Everything from the line with "椒江职业中专台州技工学校2021年参考分数线,学前教育550分" down to the line with "รางวัลชนะเลิศ รุ่นสุดยอดจินตคณิต ป.5" below must be printed exactly, those two lines included. Exclude pictures.

Data:
• • • •
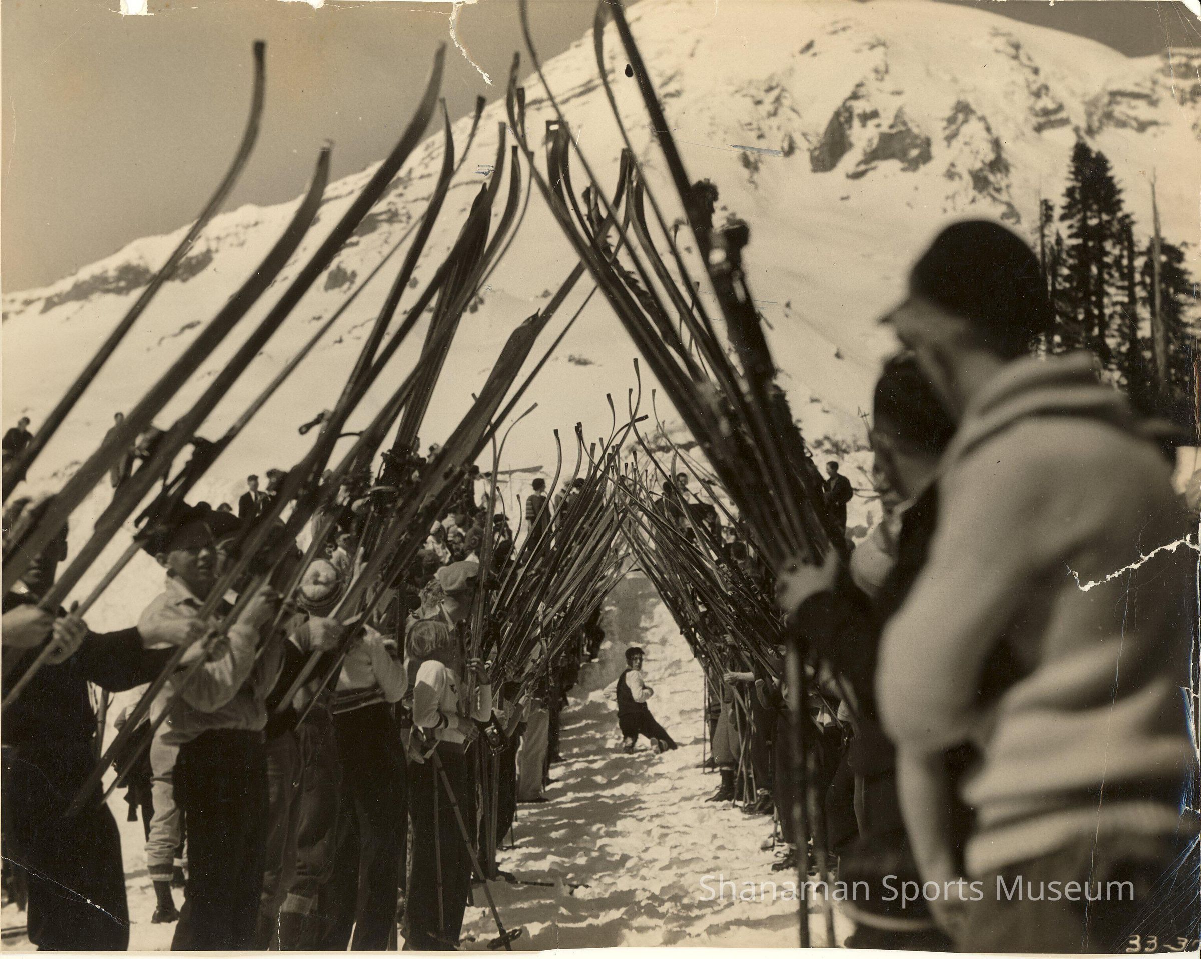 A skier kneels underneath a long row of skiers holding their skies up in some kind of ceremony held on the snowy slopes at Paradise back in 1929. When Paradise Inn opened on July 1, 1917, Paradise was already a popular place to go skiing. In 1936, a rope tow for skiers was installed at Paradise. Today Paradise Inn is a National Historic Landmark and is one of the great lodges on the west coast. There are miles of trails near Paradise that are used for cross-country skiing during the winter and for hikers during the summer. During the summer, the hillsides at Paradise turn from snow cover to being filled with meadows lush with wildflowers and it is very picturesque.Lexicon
• • • •
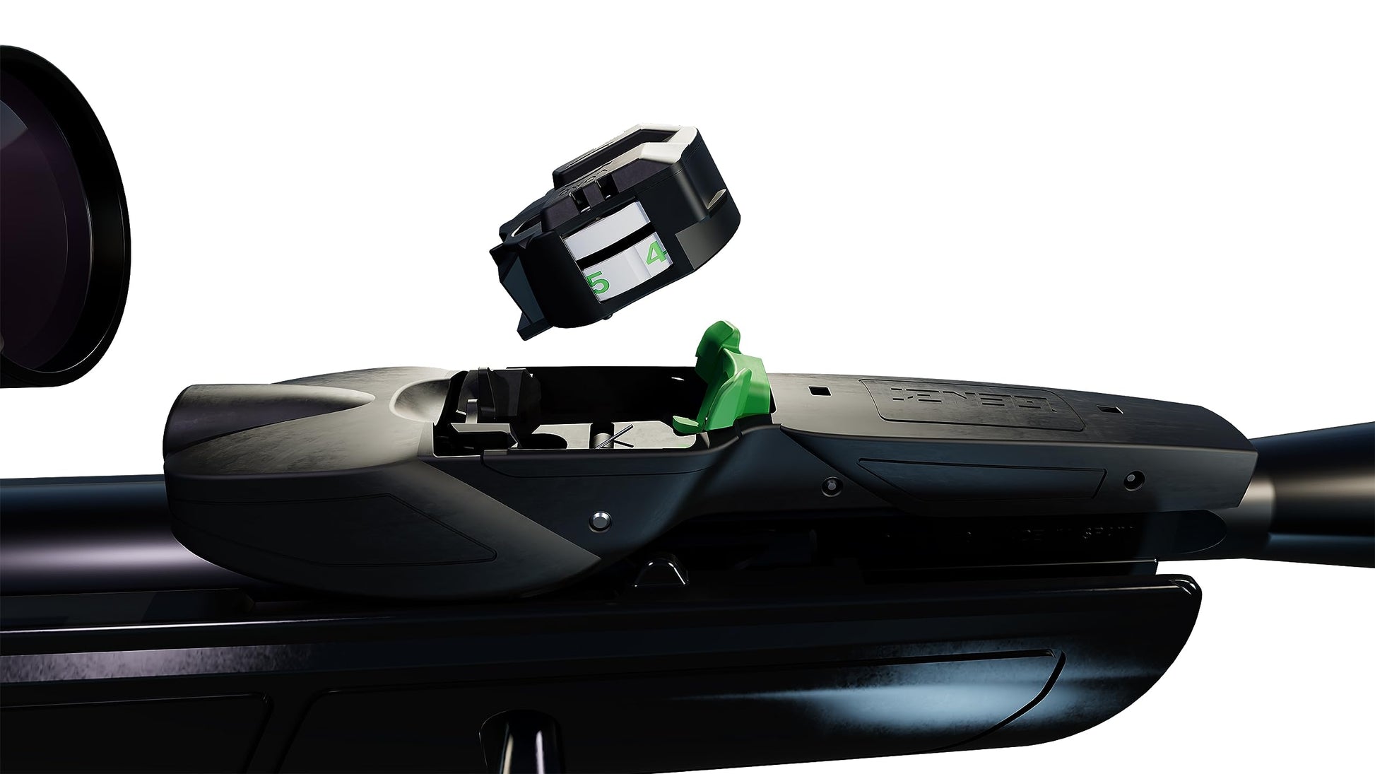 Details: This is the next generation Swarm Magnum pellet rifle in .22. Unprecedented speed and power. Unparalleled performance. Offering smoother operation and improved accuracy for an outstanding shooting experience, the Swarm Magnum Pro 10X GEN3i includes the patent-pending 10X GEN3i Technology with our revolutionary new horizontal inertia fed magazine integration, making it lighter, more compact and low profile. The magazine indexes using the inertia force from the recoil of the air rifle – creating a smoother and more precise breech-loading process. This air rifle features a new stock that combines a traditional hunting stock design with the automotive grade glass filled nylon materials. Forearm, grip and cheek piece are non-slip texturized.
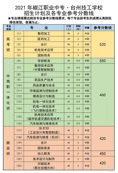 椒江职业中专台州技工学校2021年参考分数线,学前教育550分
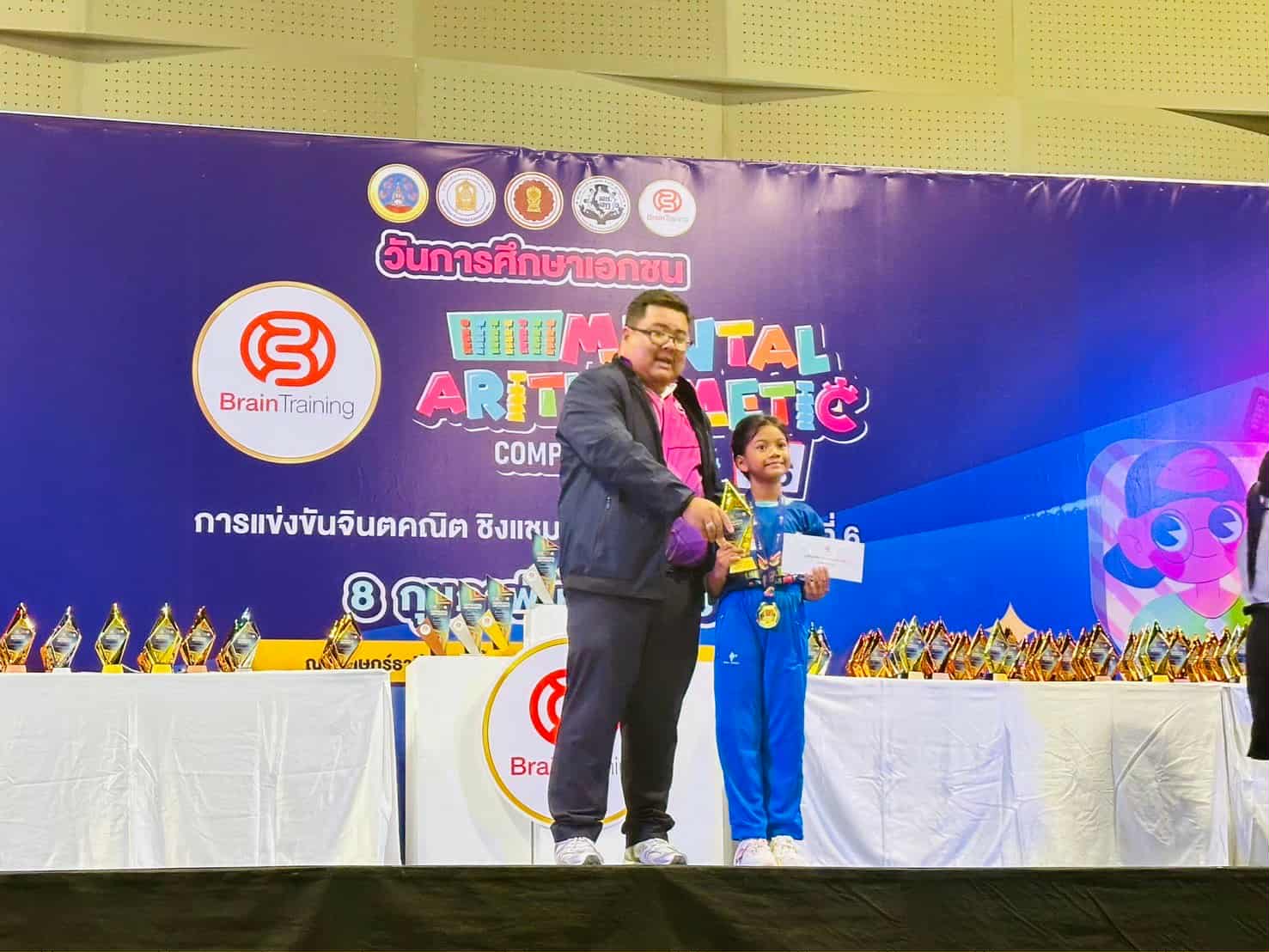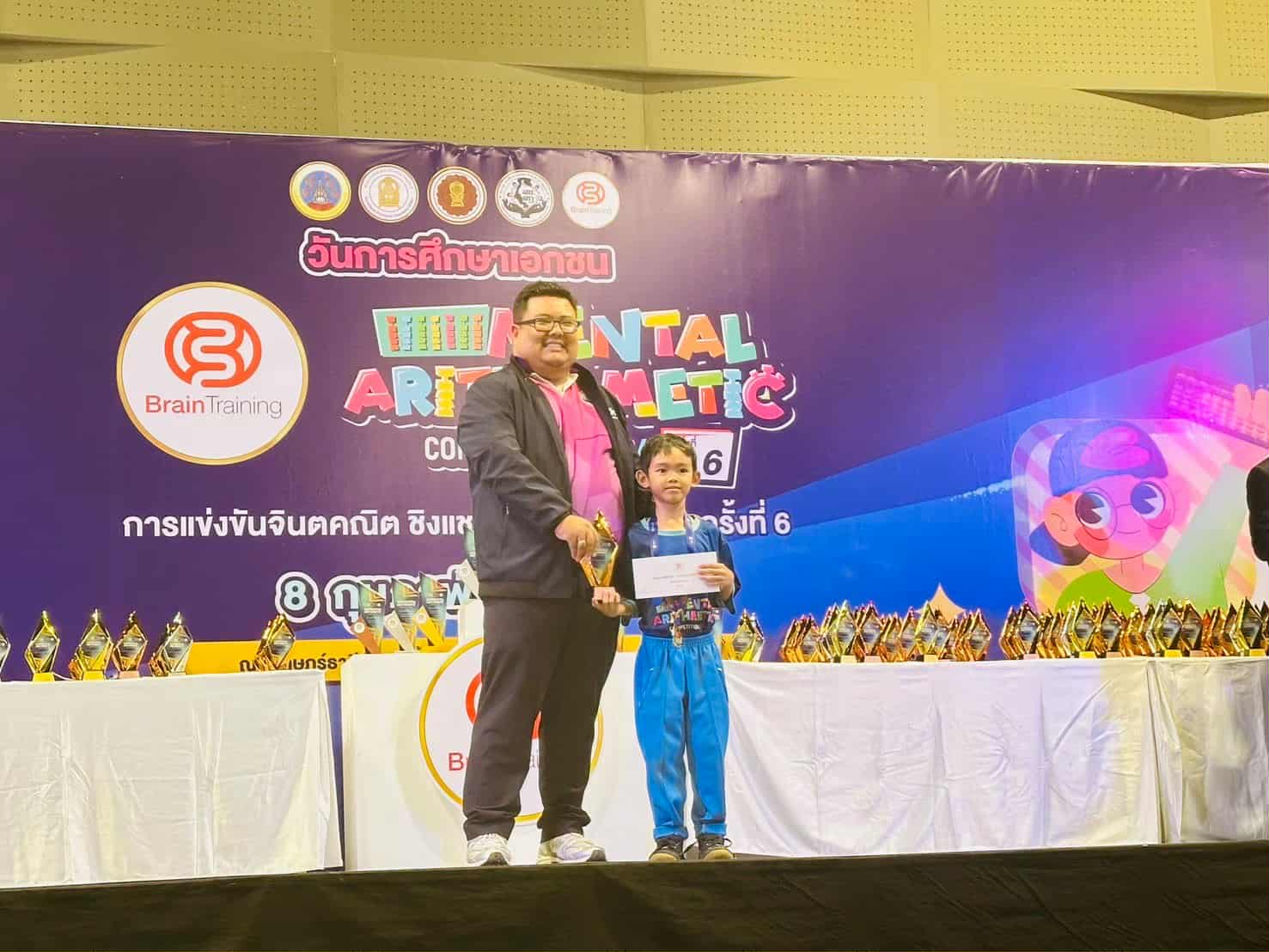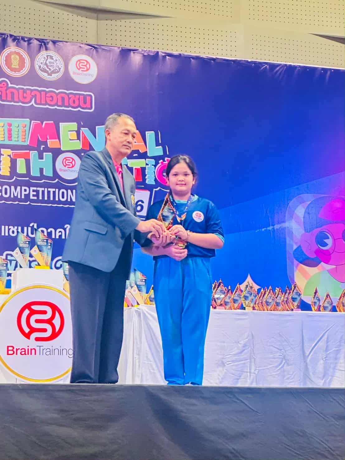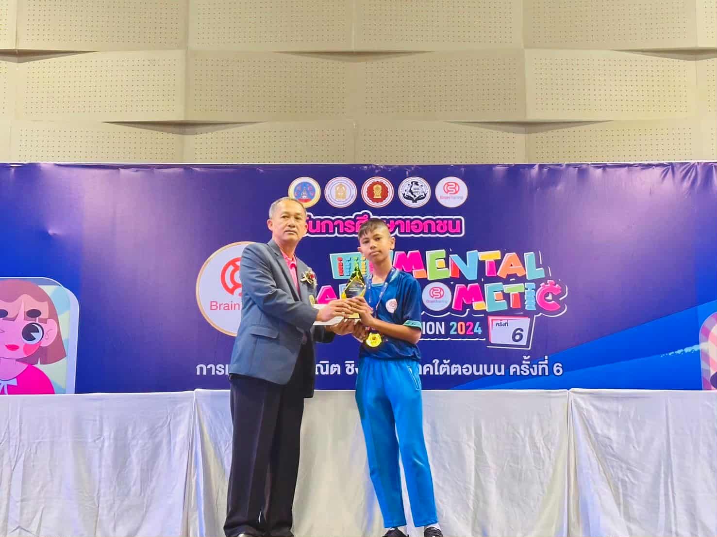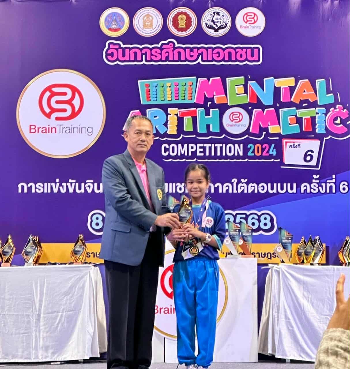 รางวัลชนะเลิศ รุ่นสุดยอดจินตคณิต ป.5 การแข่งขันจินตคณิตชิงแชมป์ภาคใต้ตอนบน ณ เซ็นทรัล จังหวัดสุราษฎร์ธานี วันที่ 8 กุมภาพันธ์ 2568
• • • •
Expected answer:
 椒江职业中专台州技工学校2021年参考分数线,学前教育550分
 รางวัลชนะเลิศ รุ่นสุดยอดจินตคณิต ป.5 การแข่งขันจินตคณิตชิงแชมป์ภาคใต้ตอนบน ณ เซ็นทรัล จังหวัดสุราษฎร์ธานี วันที่ 8 กุมภาพันธ์ 2568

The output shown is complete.